§ EXTRACTED DATA:

::::

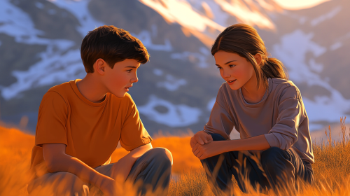 realistic colorful Illustration, photorealistic two teenage boys 12 years old and one girl 11 years old are friendly talking against the background of a mountain. warm colors, --ar 16:9
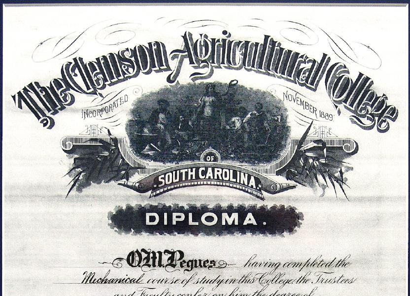 Olin Marcellus Pegues, first graduating class (1896), Clemson Agricultural College
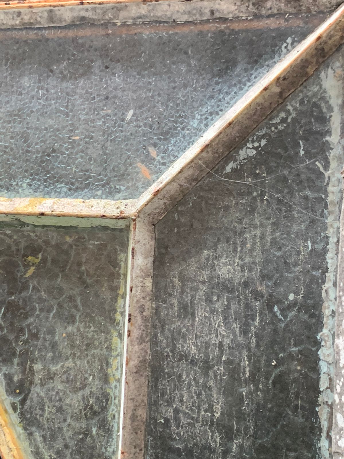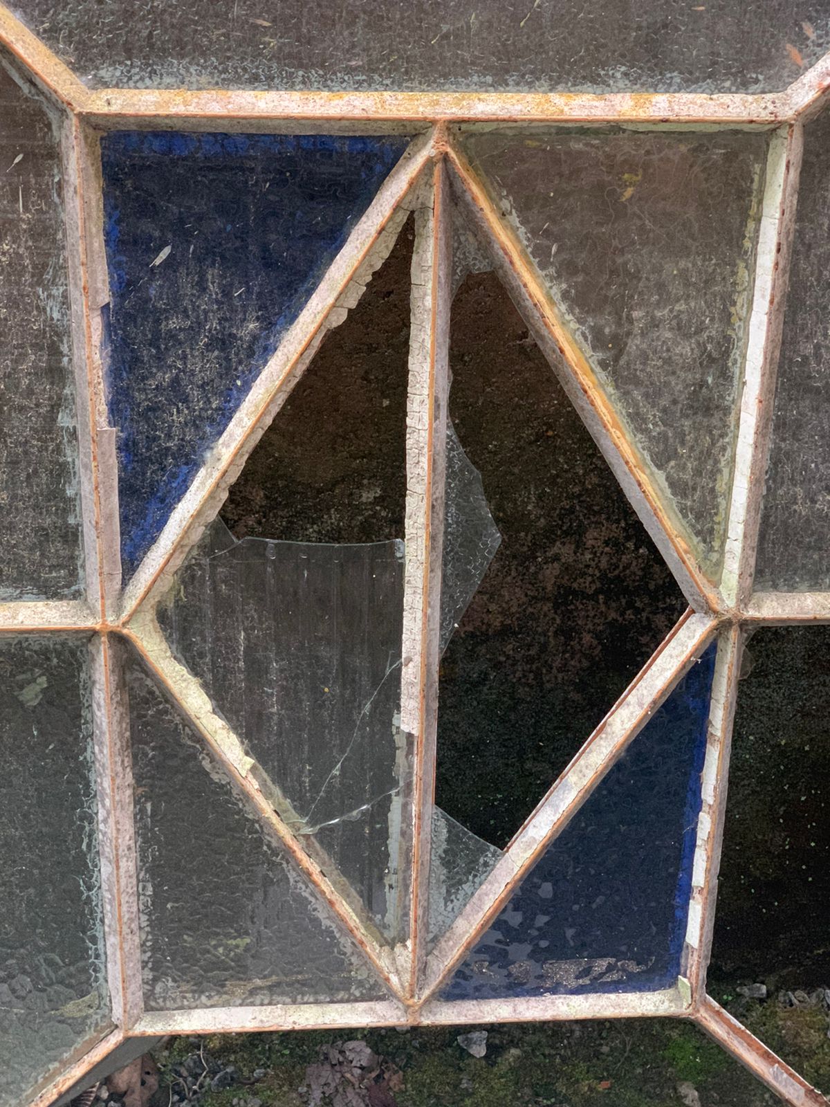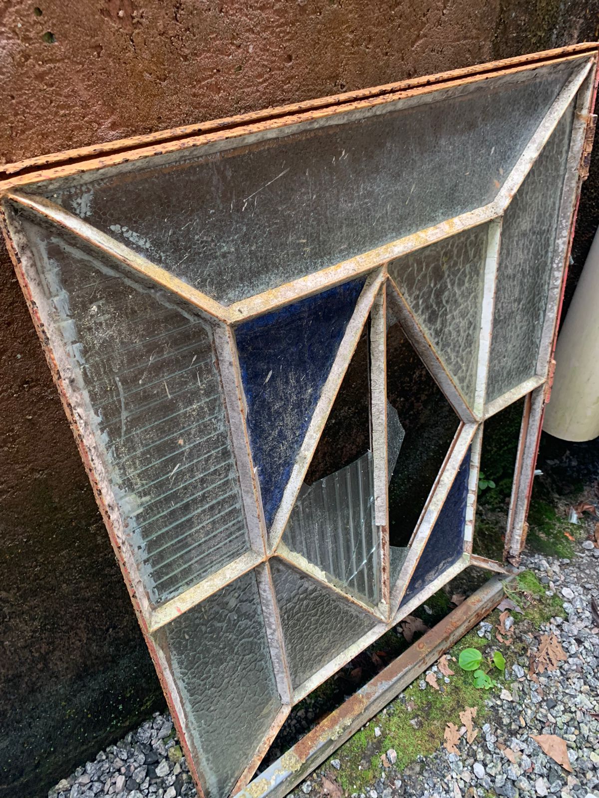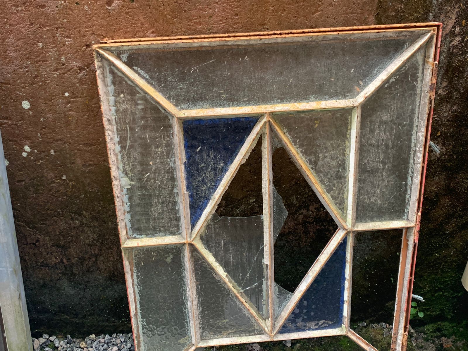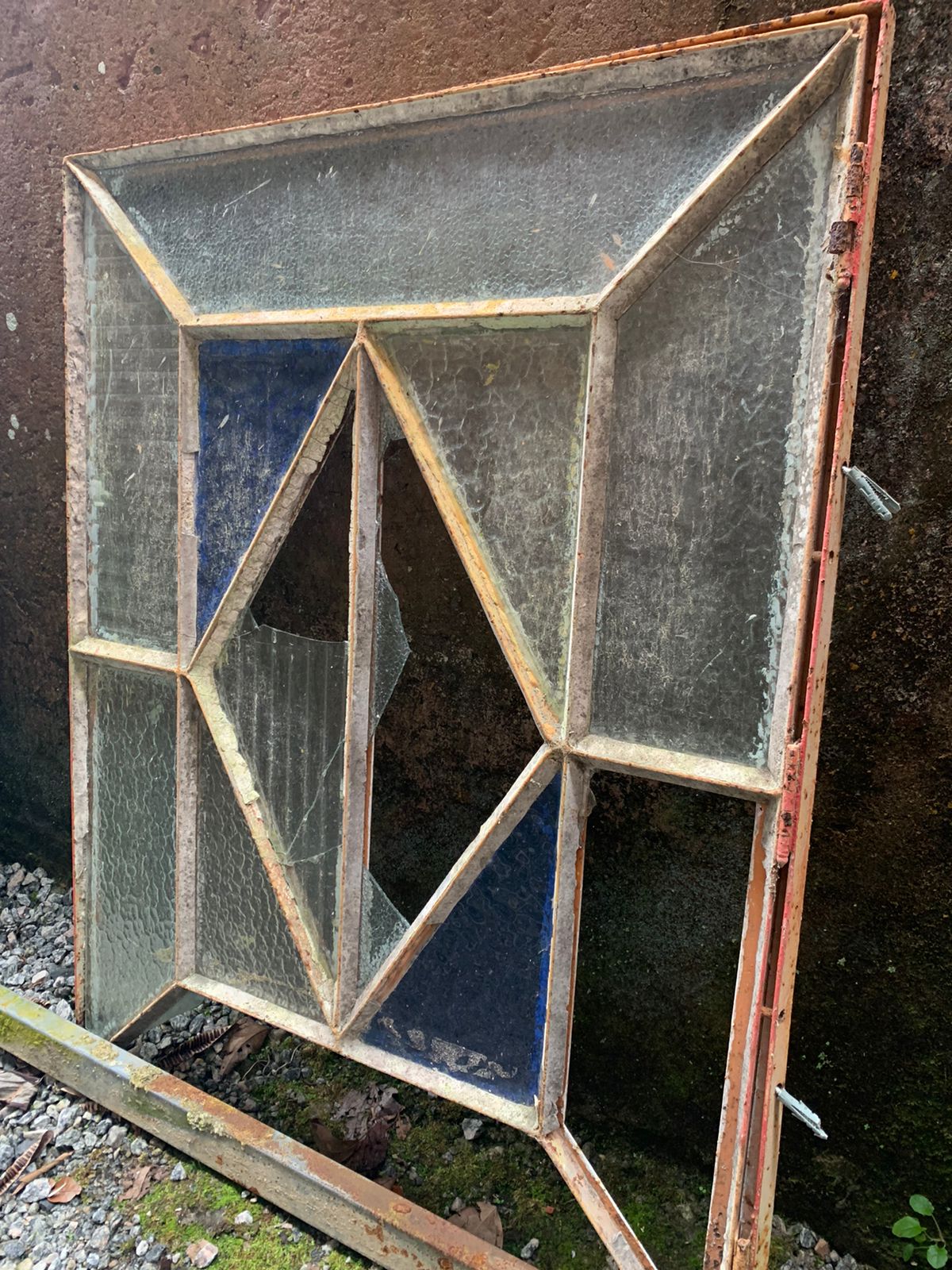 Janelinha vitral de ferro, que precisa de restauração.
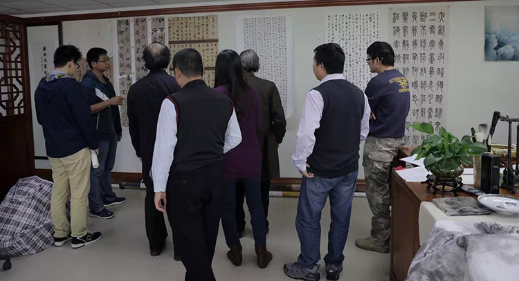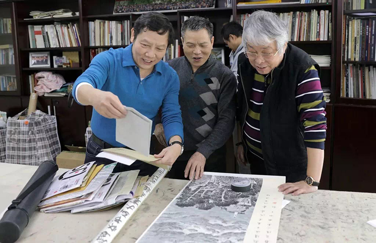 ▲各位評(píng)委探討參賽畫作
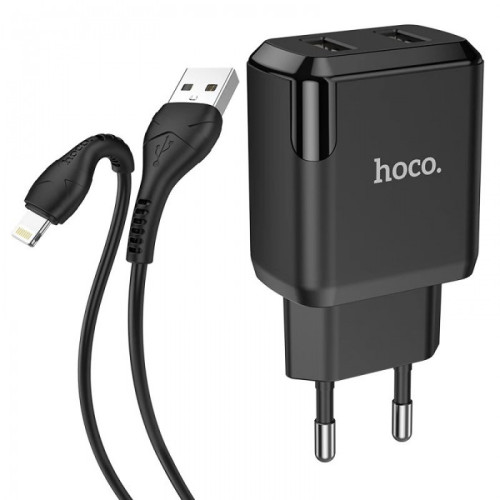 Зарядное устройство 220В 2 USB с кабелем USB - Lightning Hoco N7 Speedy Чёрный
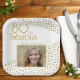 80 and Fabulous Gold Glitter Photo 80th Birthday Party Paper Plates. Modern design with trendy typography and faux gold glitter spots. The design has a custom photo and name. Make personalised 80th birthday party paper plates for her.
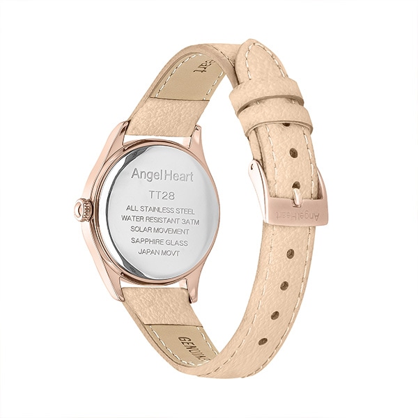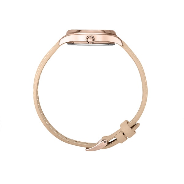 チックタック別注モデル。シーズンレスなオンオフ問わず使用しやすいデザインで初めての腕時計にもおすすめ。スタッズやクリスタルを採用した大小さまざまなインデックスによってシンプルかつ程よい洒落感を演出。オンオフ問わず着用できる1本。別注モデルはピンクゴールドケースに淡いペールピンクのレザーストラップを合わせました。甘くなり過ぎずないフェミニンなデザインです。

::::

§ ASSIGNMENT: Pictures are to be left out; the answer must otherwise be exactly the lines from the one with "80 and Fabulous" through the final line of the entries above, both included.

§ OUTPUT BELOW:
 80 and Fabulous Gold Glitter Photo 80th Birthday Party Paper Plates. Modern design with trendy typography and faux gold glitter spots. The design has a custom photo and name. Make personalised 80th birthday party paper plates for her.
 チックタック別注モデル。シーズンレスなオンオフ問わず使用しやすいデザインで初めての腕時計にもおすすめ。スタッズやクリスタルを採用した大小さまざまなインデックスによってシンプルかつ程よい洒落感を演出。オンオフ問わず着用できる1本。別注モデルはピンクゴールドケースに淡いペールピンクのレザーストラップを合わせました。甘くなり過ぎずないフェミニンなデザインです。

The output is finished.